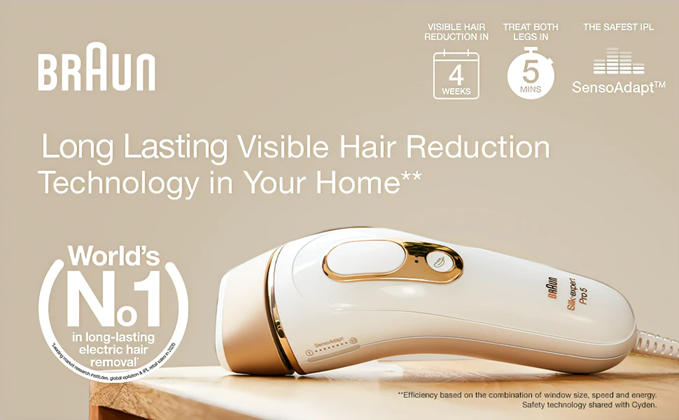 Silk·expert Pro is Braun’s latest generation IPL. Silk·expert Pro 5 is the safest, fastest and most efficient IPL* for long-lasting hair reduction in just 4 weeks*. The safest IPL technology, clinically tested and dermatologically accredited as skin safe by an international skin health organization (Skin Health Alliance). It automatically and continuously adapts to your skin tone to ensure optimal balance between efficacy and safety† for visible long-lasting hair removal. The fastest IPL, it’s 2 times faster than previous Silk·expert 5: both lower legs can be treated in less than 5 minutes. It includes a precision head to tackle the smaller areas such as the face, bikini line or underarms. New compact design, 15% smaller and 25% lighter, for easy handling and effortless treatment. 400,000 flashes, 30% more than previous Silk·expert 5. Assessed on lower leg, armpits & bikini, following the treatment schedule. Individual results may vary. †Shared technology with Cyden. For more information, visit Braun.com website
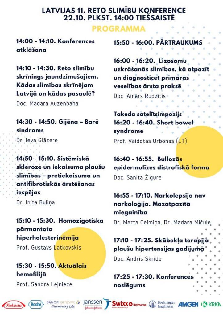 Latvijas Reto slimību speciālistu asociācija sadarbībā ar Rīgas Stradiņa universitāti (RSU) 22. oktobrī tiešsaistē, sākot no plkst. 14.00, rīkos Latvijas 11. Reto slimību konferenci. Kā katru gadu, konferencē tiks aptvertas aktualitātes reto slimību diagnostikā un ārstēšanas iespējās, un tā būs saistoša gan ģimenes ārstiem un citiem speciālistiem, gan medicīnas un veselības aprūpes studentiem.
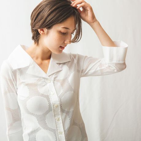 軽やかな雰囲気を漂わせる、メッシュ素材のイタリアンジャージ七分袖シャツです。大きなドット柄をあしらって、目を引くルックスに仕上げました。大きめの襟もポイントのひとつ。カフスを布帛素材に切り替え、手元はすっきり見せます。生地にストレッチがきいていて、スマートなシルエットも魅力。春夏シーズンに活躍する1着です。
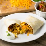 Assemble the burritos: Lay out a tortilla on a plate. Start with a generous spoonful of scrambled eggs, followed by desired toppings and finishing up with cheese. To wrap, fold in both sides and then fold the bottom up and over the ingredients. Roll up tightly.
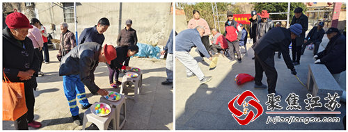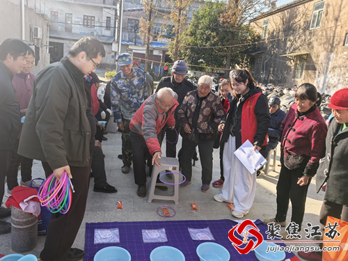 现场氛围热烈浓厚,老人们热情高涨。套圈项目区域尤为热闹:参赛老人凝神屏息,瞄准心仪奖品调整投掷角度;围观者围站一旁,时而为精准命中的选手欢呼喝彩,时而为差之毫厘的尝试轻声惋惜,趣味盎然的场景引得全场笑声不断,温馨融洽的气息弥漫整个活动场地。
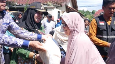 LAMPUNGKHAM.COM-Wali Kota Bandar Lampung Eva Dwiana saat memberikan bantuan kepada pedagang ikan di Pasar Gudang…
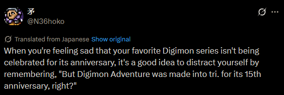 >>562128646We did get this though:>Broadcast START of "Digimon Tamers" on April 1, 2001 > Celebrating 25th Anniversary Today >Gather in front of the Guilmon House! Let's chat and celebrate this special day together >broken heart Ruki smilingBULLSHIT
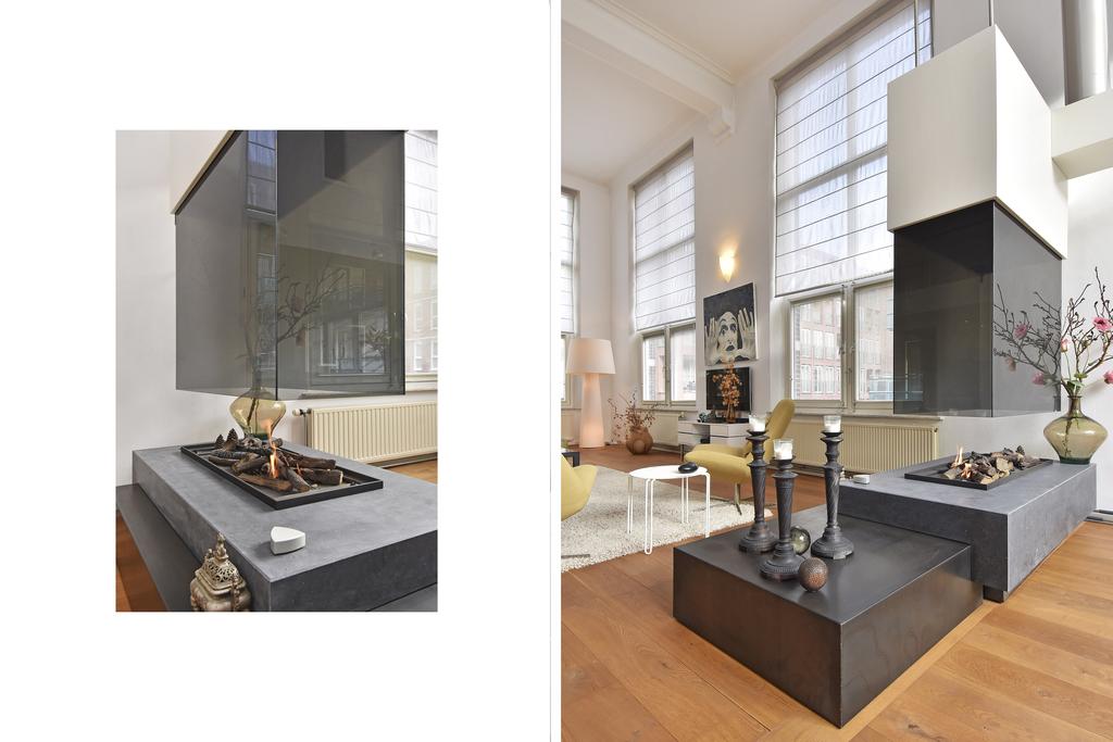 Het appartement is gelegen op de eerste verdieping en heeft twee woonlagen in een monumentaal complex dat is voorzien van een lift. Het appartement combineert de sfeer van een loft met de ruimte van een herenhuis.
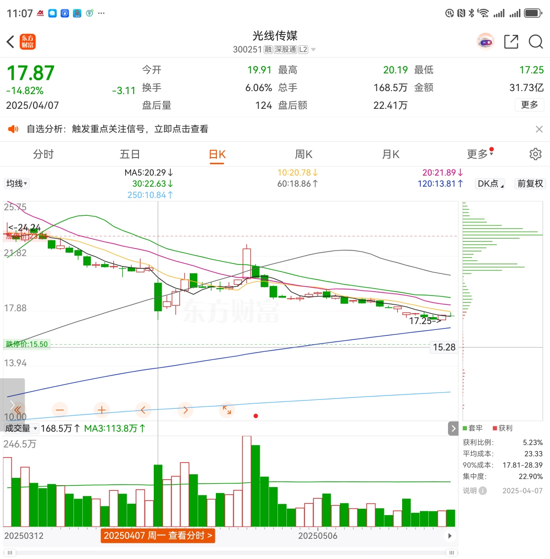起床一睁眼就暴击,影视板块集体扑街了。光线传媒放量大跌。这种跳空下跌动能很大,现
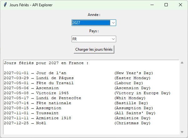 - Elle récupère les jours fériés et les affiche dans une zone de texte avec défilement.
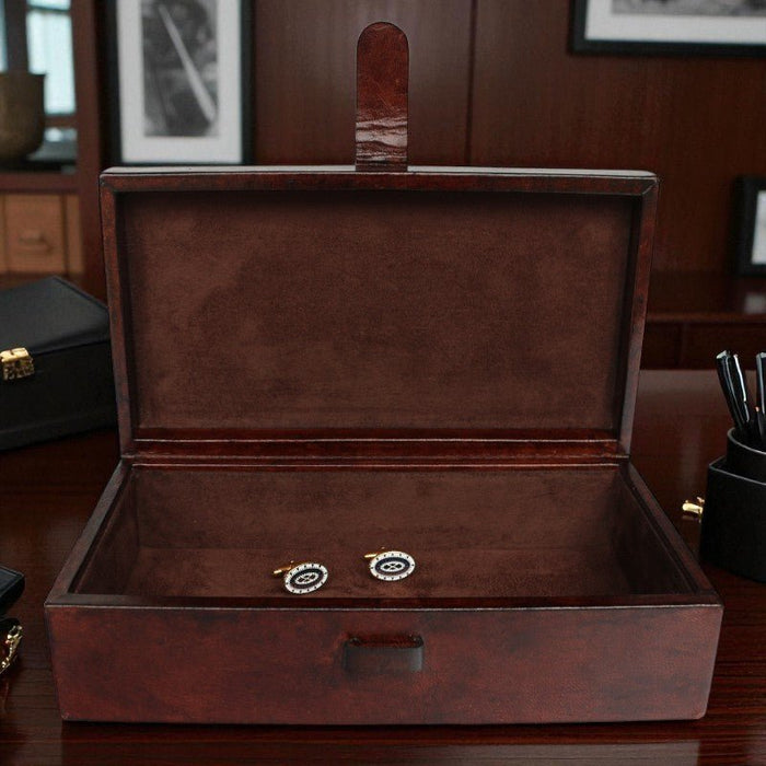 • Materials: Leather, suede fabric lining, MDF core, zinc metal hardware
────
| WORK TASK |
Output each line above exactly. Skip the images.

| RESULT |
 Silk·expert Pro is Braun’s latest generation IPL. Silk·expert Pro 5 is the safest, fastest and most efficient IPL* for long-lasting hair reduction in just 4 weeks*. The safest IPL technology, clinically tested and dermatologically accredited as skin safe by an international skin health organization (Skin Health Alliance). It automatically and continuously adapts to your skin tone to ensure optimal balance between efficacy and safety† for visible long-lasting hair removal. The fastest IPL, it’s 2 times faster than previous Silk·expert 5: both lower legs can be treated in less than 5 minutes. It includes a precision head to tackle the smaller areas such as the face, bikini line or underarms. New compact design, 15% smaller and 25% lighter, for easy handling and effortless treatment. 400,000 flashes, 30% more than previous Silk·expert 5. Assessed on lower leg, armpits & bikini, following the treatment schedule. Individual results may vary. †Shared technology with Cyden. For more information, visit Braun.com website
 Latvijas Reto slimību speciālistu asociācija sadarbībā ar Rīgas Stradiņa universitāti (RSU) 22. oktobrī tiešsaistē, sākot no plkst. 14.00, rīkos Latvijas 11. Reto slimību konferenci. Kā katru gadu, konferencē tiks aptvertas aktualitātes reto slimību diagnostikā un ārstēšanas iespējās, un tā būs saistoša gan ģimenes ārstiem un citiem speciālistiem, gan medicīnas un veselības aprūpes studentiem.
 軽やかな雰囲気を漂わせる、メッシュ素材のイタリアンジャージ七分袖シャツです。大きなドット柄をあしらって、目を引くルックスに仕上げました。大きめの襟もポイントのひとつ。カフスを布帛素材に切り替え、手元はすっきり見せます。生地にストレッチがきいていて、スマートなシルエットも魅力。春夏シーズンに活躍する1着です。
 Assemble the burritos: Lay out a tortilla on a plate. Start with a generous spoonful of scrambled eggs, followed by desired toppings and finishing up with cheese. To wrap, fold in both sides and then fold the bottom up and over the ingredients. Roll up tightly.
 现场氛围热烈浓厚,老人们热情高涨。套圈项目区域尤为热闹:参赛老人凝神屏息,瞄准心仪奖品调整投掷角度;围观者围站一旁,时而为精准命中的选手欢呼喝彩,时而为差之毫厘的尝试轻声惋惜,趣味盎然的场景引得全场笑声不断,温馨融洽的气息弥漫整个活动场地。
 LAMPUNGKHAM.COM-Wali Kota Bandar Lampung Eva Dwiana saat memberikan bantuan kepada pedagang ikan di Pasar Gudang…
 >>562128646We did get this though:>Broadcast START of "Digimon Tamers" on April 1, 2001 > Celebrating 25th Anniversary Today >Gather in front of the Guilmon House! Let's chat and celebrate this special day together >broken heart Ruki smilingBULLSHIT
 Het appartement is gelegen op de eerste verdieping en heeft twee woonlagen in een monumentaal complex dat is voorzien van een lift. Het appartement combineert de sfeer van een loft met de ruimte van een herenhuis.
起床一睁眼就暴击,影视板块集体扑街了。光线传媒放量大跌。这种跳空下跌动能很大,现
 - Elle récupère les jours fériés et les affiche dans une zone de texte avec défilement.
 • Materials: Leather, suede fabric lining, MDF core, zinc metal hardware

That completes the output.